Die neue Duz-Kultur in deutschen Büros und Kantinen ist ein internationaler Trend. In den USA zum Beispiel reden sich die meisten Menschen im Unternehmen einfach mit dem Vornamen an. Vereinfacht wird das dadurch, dass sich mit dem „you“ im englischsprachigen Raum auch niemand zwischen „Du“ und „Sie“ entscheiden muss. Außerdem bedeutet die vermeintlich vertrauensvolle Ansprache durch den Chef noch lange nicht, dass er auch Ihr Freund ist.

Tipps für den Arbeitsalltag

Der Knigge meint zum Thema „Du oder Sie“: „Jede volljährige Person hat nach allgemeiner Auffassung ein Recht darauf mit ‚Sie‘ angesprochen zu werden. Dies ist die Regel, das ‚Du‘ demnach die Ausnahme.“ Traditionell gilt im privaten Umfeld das Prinzip, dass die Frau dem Mann das „Du“ anbietet, der Ranghöhere dem Rangniedrigeren sowie der Ältere dem Jüngeren.

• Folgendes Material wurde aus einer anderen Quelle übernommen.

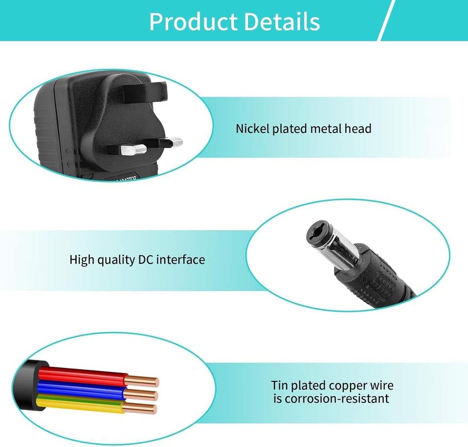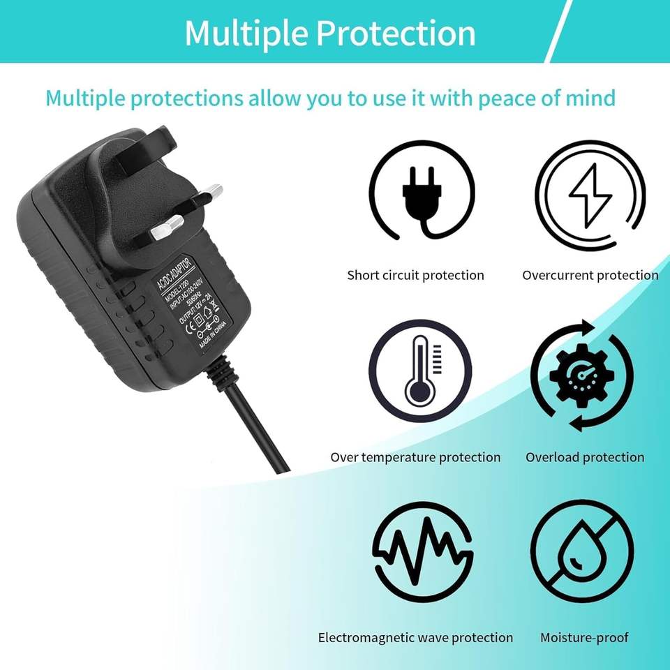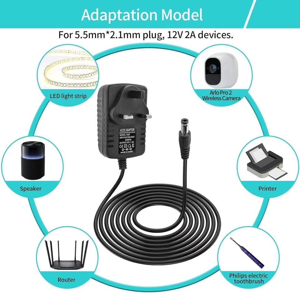Adaptateur secteur 12V 2A AC/DC 100-240V 50/60Hz Prise 5.5x2.1mm pour caméras de vidéosurveillance Arlo Pro 2/3, bandes LED et routeurs/moniteurs vidéo/audio

Was Sie besser ebenfalls vermeiden, ist, andere ungefragt zu duzen. Wenn Sie eine neue Arbeitsstelle antreten und dabei künftige Kollegen und Vorgesetzte kennenlernen: Fallen Sie nicht gleich mit dem „Du“ ins Haus. Sie könnten Ihrem Gegenüber damit auf die Füße treten. Eine repräsentative Umfrage bestätigt: fast 40 Prozent der Bundesbürger fühlen sich pikiert oder gar beleidigt, wenn sie spontan und unaufgefordert geduzt werden. Wenig überraschend: jüngere Generationen sehen das etwas entspannter als Ältere.

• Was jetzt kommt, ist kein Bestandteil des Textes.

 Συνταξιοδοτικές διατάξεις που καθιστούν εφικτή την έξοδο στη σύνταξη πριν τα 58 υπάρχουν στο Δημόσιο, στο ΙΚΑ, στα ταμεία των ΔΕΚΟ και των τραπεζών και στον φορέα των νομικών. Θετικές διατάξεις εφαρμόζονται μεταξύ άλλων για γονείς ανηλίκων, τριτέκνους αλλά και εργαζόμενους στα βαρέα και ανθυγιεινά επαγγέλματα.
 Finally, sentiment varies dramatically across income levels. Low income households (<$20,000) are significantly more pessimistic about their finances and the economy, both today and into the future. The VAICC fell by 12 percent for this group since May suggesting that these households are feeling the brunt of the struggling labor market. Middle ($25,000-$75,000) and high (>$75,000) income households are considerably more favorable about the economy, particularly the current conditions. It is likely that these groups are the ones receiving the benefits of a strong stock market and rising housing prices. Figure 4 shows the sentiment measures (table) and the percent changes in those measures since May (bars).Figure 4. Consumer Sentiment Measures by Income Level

Unser Tipp: Sofern Sie nicht in einem hippen und hierarchiefreien Start-up-Unternehmen arbeiten, sind Sie mit der förmlichen Variante der Ansprache Ihres Gegenübers im Zweifel erst mal auf der sicheren Seite. Egal ob Chef oder Kollege. Wenn alles passt, gibt es bestimmt noch eine Gelegenheit, sich beruflich „näher“ zu kommen und das „Du“ anzubieten.